社会インフラの老朽化対策は、日本だけが直面しているものではなく、海外先進国もまた、同様の課題を抱えている。本稿では、米国・カナダの政策動向が日本に問いかけることをみていきたい。
日本の政策対応の現在地——制度化から実行へ
次節で米国・カナダの政策動向をみる前に、前節で触れた日本の社会インフラ老朽化対策のうち、直近の動向をみておきたい。すなわち、多様かつ多数の社会インフラを所管する国土交通省、地方自治体の公共施設マネジメント政策の総務省、科学技術政策の内閣府を中心に、その取組を概観する。
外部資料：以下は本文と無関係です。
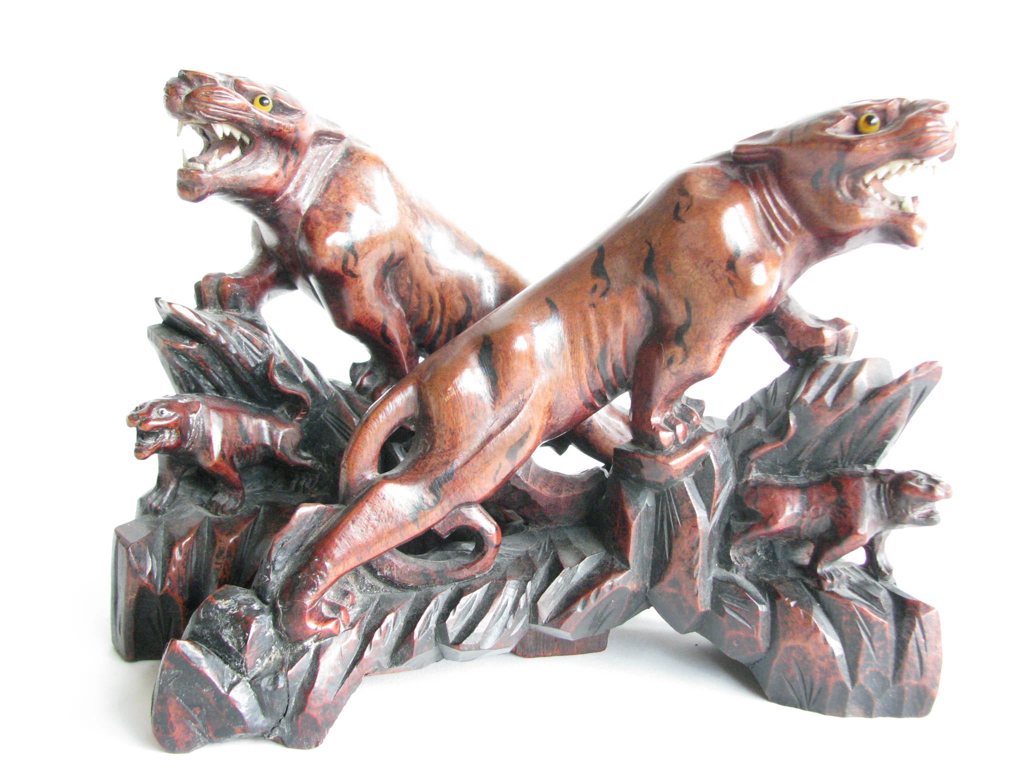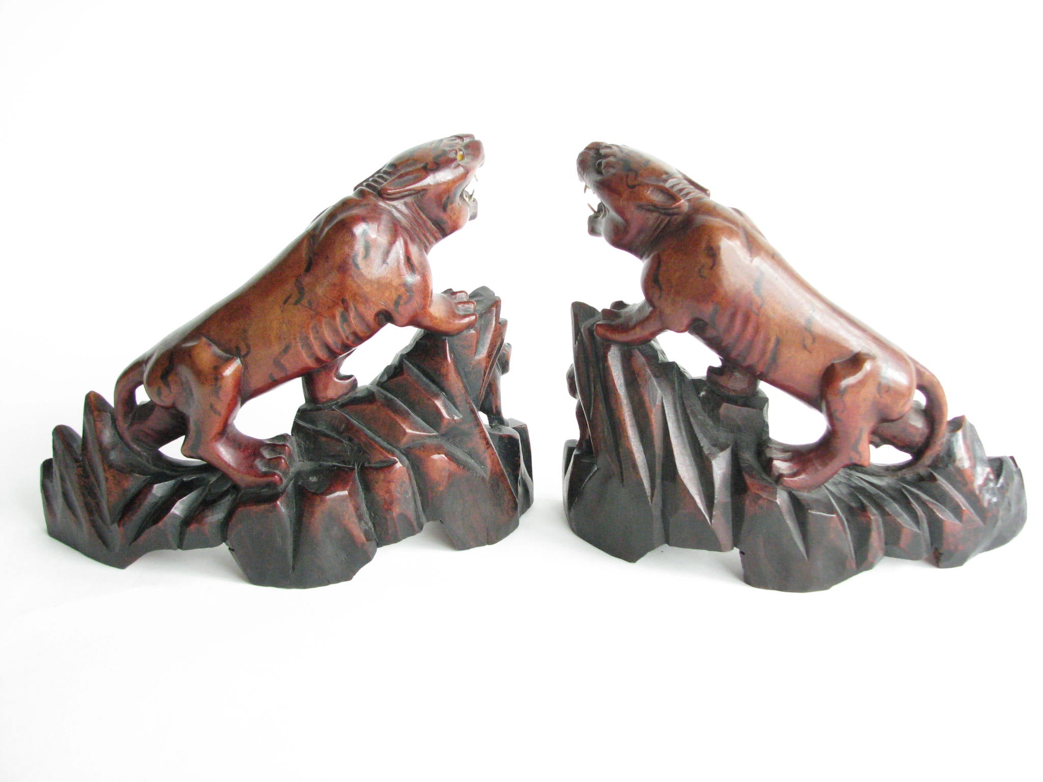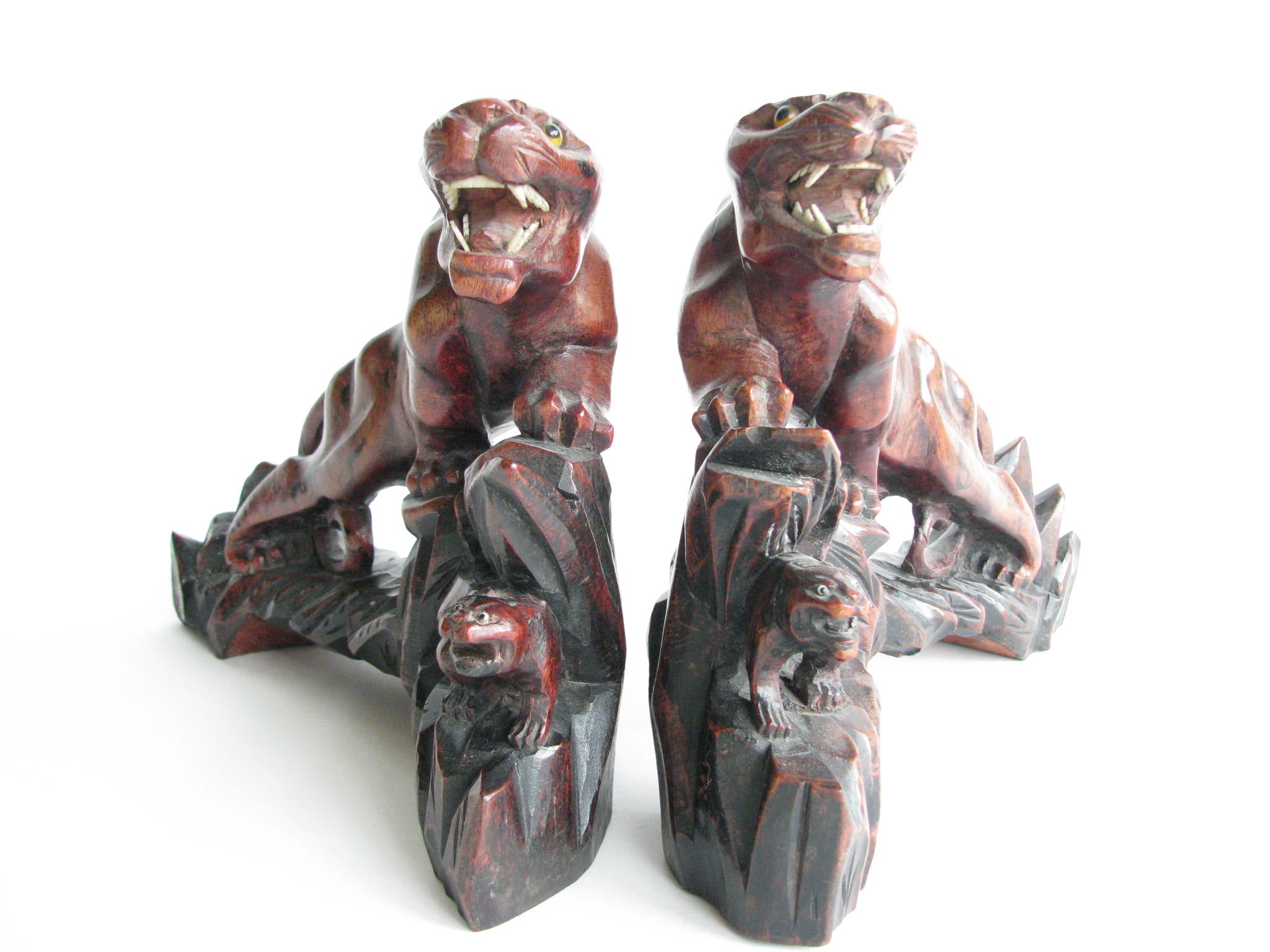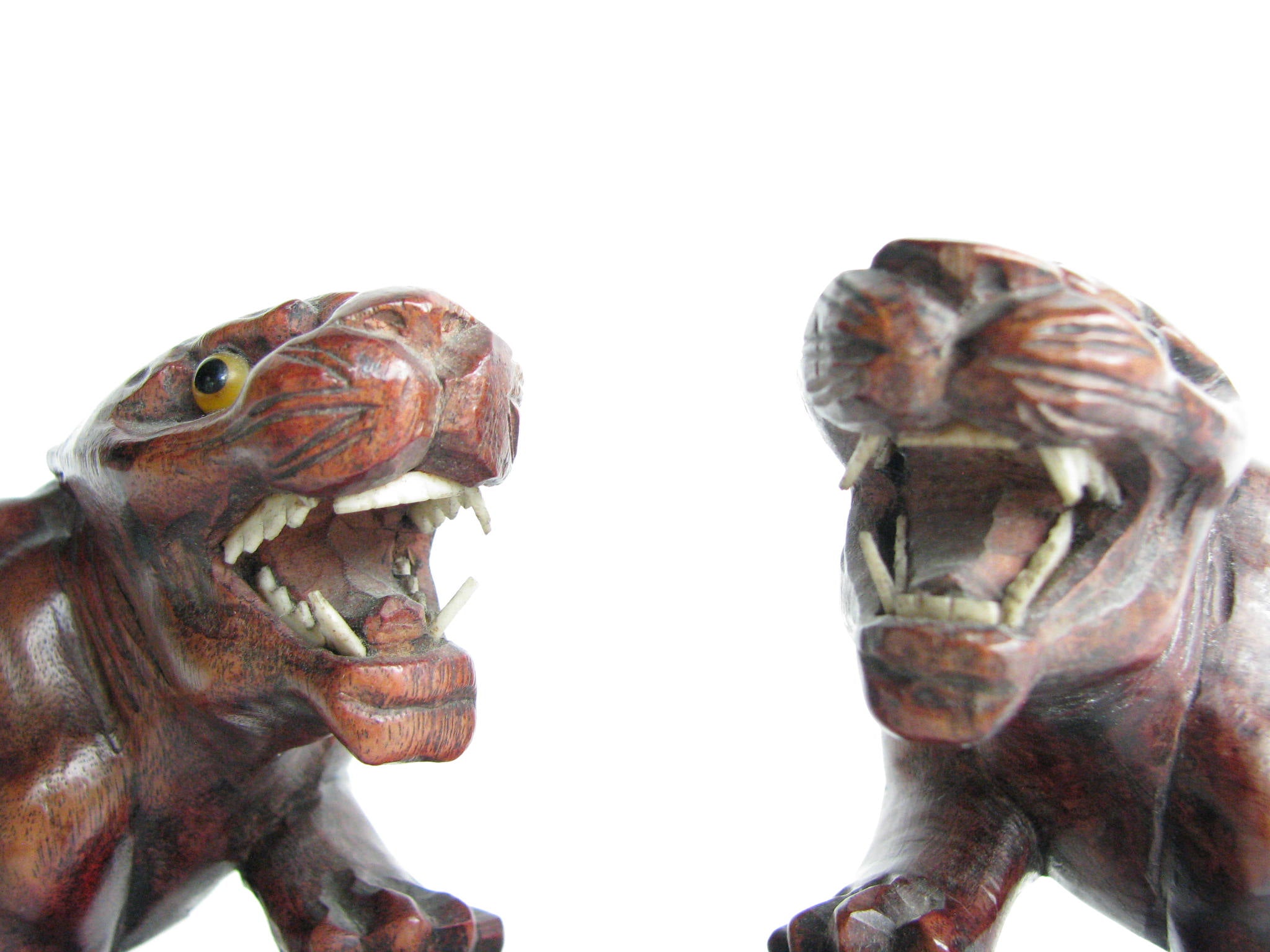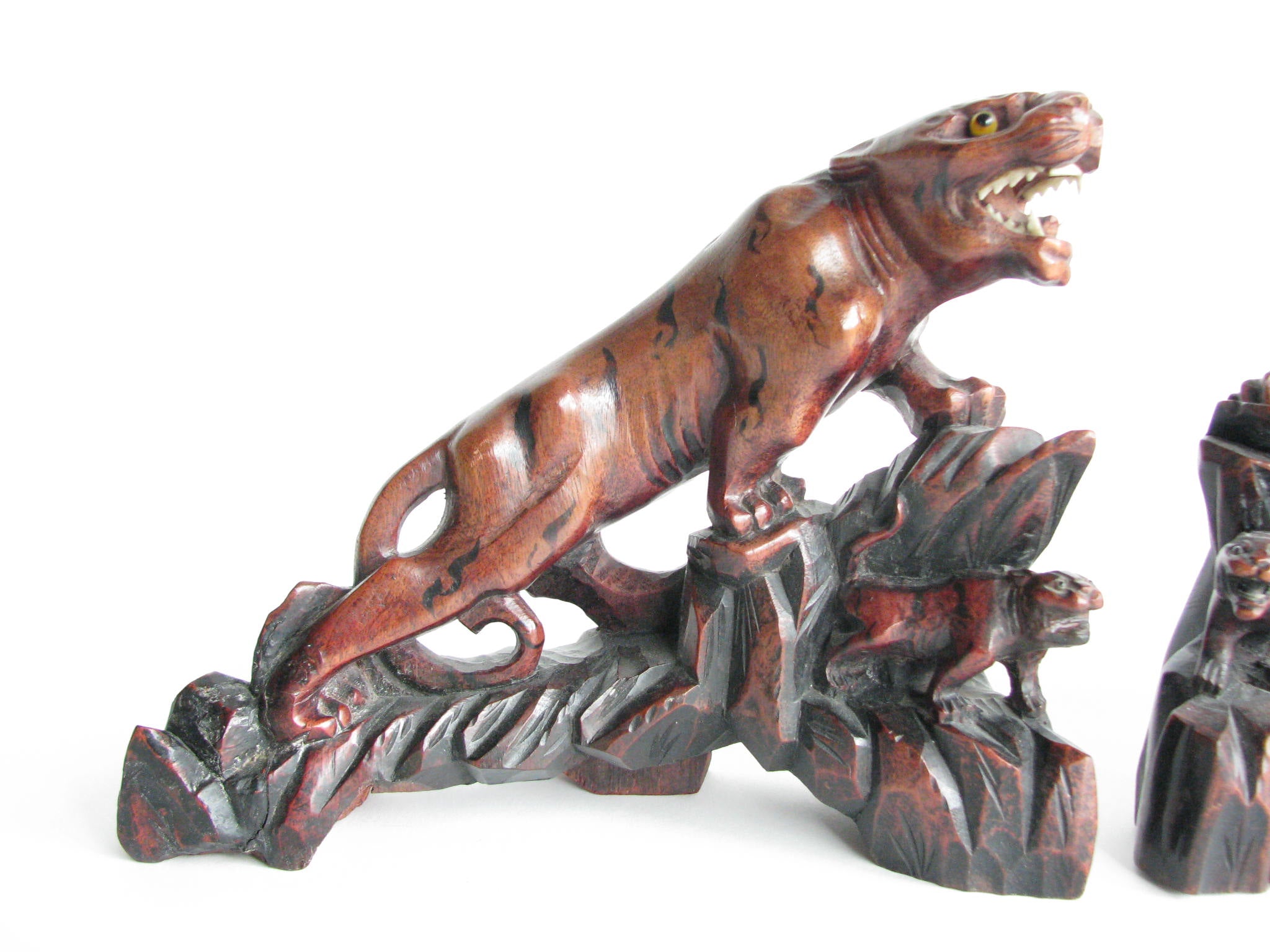 Antique pair of hand-carved rosewood tigers featuring glass eyes (on both adults and cubs).

制度化——第2次インフラ長寿命化行動計画に見られる実行への課題
2013年11月に政府全体の取組として策定された「インフラ長寿命化基本計画」は、2030年頃を最終的なマイルストーンと設定し、「老朽化に起因する重要インフラの重大事故ゼロ」が掲げられている。本基本計画に基づき、2014年5月、国土交通省が管理・所管するインフラの維持管理・更新等を推進するための取組を示したものが「国土交通省インフラ長寿命化計画(行動計画)」(計画期間:2014~2020年度)である。さらに、本行動計画で実施してきたメンテナンスサイクルの構築などの取組を土台とし、「予防保全」への本格転換、新技術等の更なる普及、インフラストック適正化の推進などの取組を掲げ、「持続可能なインフラメンテナンス」の実現を目指すものとして、2021年6月に策定されたものが、第2次の「国土交通省インフラ長寿命化計画(行動計画)」(計画期間:2021〜2025年度)である。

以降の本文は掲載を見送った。